体外衝撃波治療法は、泌尿器科領域で結石破砕治療として広く普及しており保険適応にもなっている安全な治療法です。7月1日付けで東北大学病院に循環器内科教授として着任した下川は、前任地の九州大学において、尿路結石破砕治療に用いられている出力の約10分の1という低出力の衝撃波を体外から虚血心筋に照射すると、冠動脈の血管新生が効率よく誘導され心筋虚血が著明に改
善されることを、大型動物(ブタ)モデル、次いでヒトにおいて確認し論文発表しております。この治療に伴う副作用は全く認めませんでした。またこの体外衝撃波治療は、心臓へ応用するにあたり、他の先進医療(遺伝子治療、未分化細胞移植)と異なり、開胸手術や全身麻酔など侵襲性の処置を全く必要としない低侵襲性の治療法です。低侵襲性で安全な治療法なので、繰り返し行うことも可能です。

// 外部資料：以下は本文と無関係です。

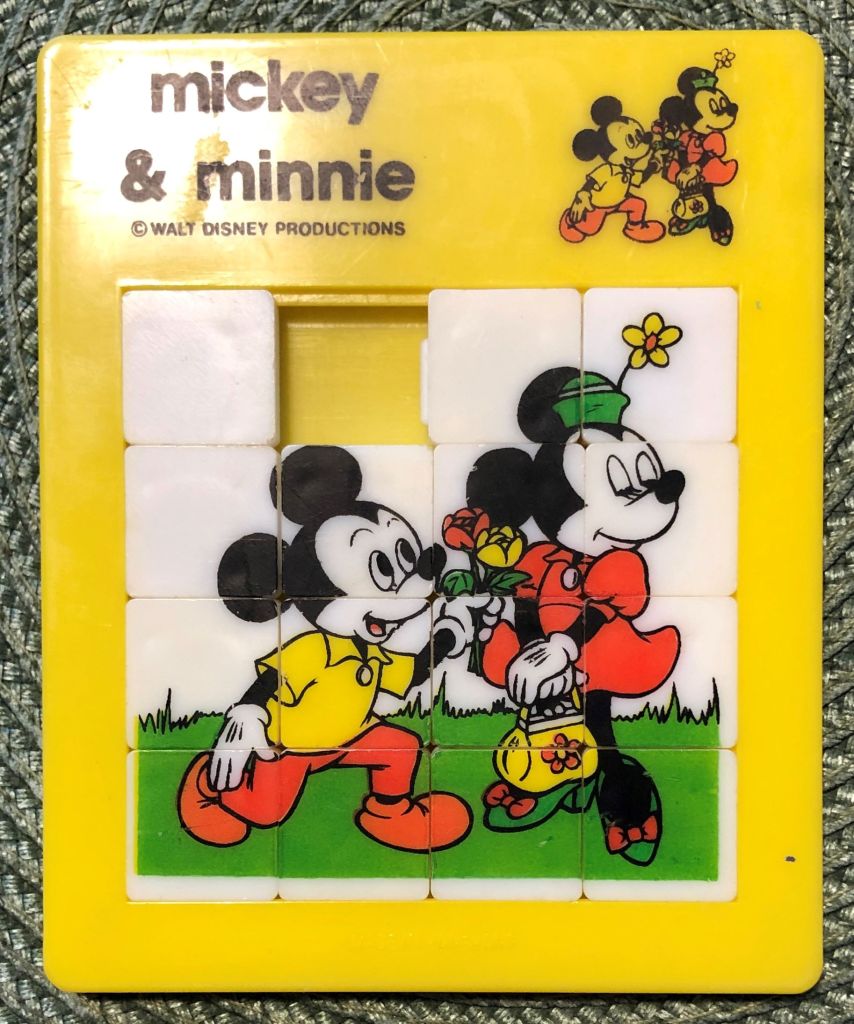 To see a more traditional Disney-themed puzzle, mint in the box, and featuring Mickey and Minnie (and Donald with Daisy) at Walt Disney World, check out this Vintage Jigsaw Puzzle by Whitman.
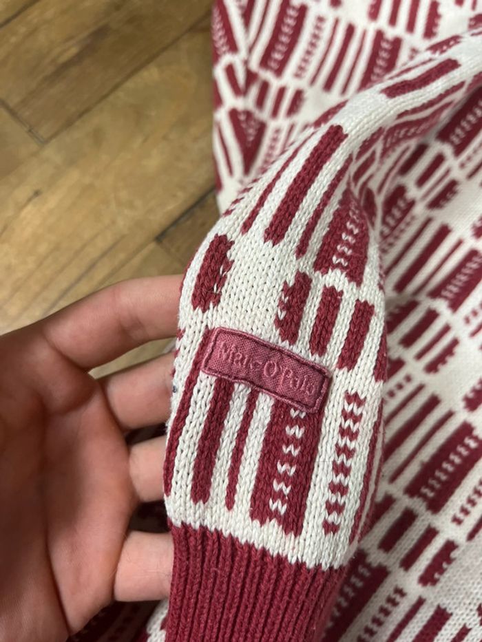 Pull vintage maille 100% coton motifs crème bordeaux S - photo numéro 8
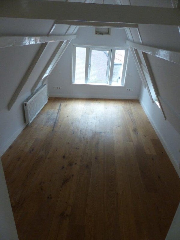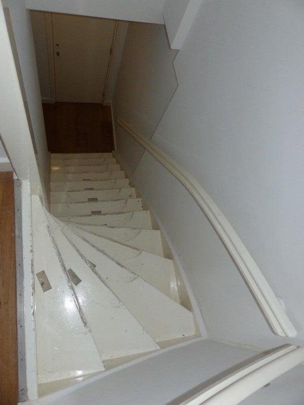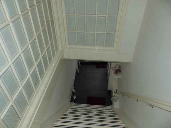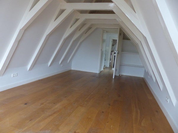 Toegankelijk via een typische Nederlandse trap, beslaat het appartement de bovenste verdiepingen van het gebouw.
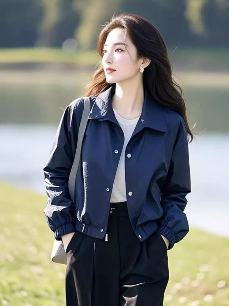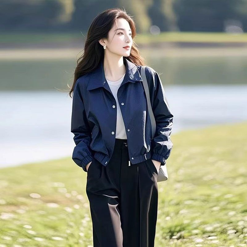 2025 봄과 가을 재킷 코트 여자 스택 올매치 독특한 슈퍼 모양 캐주얼 블루 작은 재킷스토어 가기
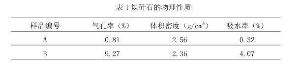 觀察兩種煤矸石外貌特征:A礦的煤矸石屬于巷道矸石;B礦的煤矸石屬于過火矸石。其 物理性質見表1.由表1知,A礦煤矸石氣孔率低、體積密度小大、吸水率小。可見,A礦煤矸石的致密度相對較高。
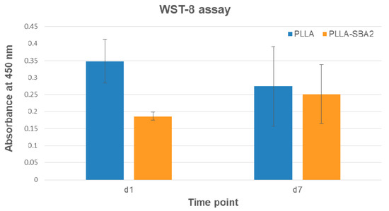 WST-8 assay: histograms of absorbance at 450 nm for PLLA and PLLA-SBA2, one (d1) and seven (d7) days after the seeding.
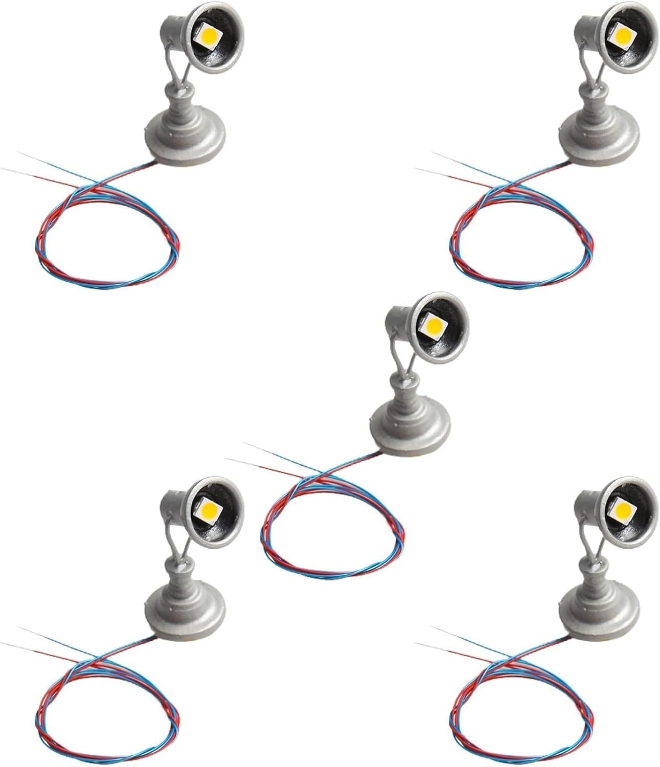 【Luci a LED calde】 I proiettori per modellini ferroviari sono dotati di LED bianchi caldi che creano un'atmosfera accogliente e invitante per il tuo layout. Questi modelli di lampioni sono completi di cavi e LED, il che li rende comodi da installare e illuminare nella scena ferroviaria. 【Tensione adatta】 I lampioni sono progettati per l'uso solo con una tensione di alimentazione di 3 V. È importante non collegarli direttamente a 12V o 16V per evitare danni ai LED. Scala accurata: misurando circa 15 mm, questi lampioni sono adatti per modellini ferroviari in scala 1:75~87 o HO, aggiungendo un tocco realistico al tuo layout. 【Design a colonna in rame】 Realizzati con modelli a colonna in rame, questi lampioni non solo emettono una luce brillante e calda, ma aggiungono anche un tocco elegante e classico al tuo paesaggio ferroviario in miniatura.
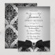 Convite de Aniversário Sweet 16 Prata e Preto. Damask bonito e laço com joia. Por favor, note: Todas as imagens planas, elas não têm joias reais!

具体的には、治療する心臓の部位を心エコーで確認しながら、治療範囲に応じて20-120ヵ所に200発ずつ、心拍に同期させて衝撃波を照射します。これを1週間に3回行います。1回あたり2
時間程度の治療中、患者に痛みはなく麻酔も不要です。3ヵ月後?6ヵ月後?1年後に治療効果を評価し、必要に応じて治療を追加します。九州大学で経験した10例において、個人差はあるものの全例において、自覚症状に加えて他覚的な検査所見の改善が認められています。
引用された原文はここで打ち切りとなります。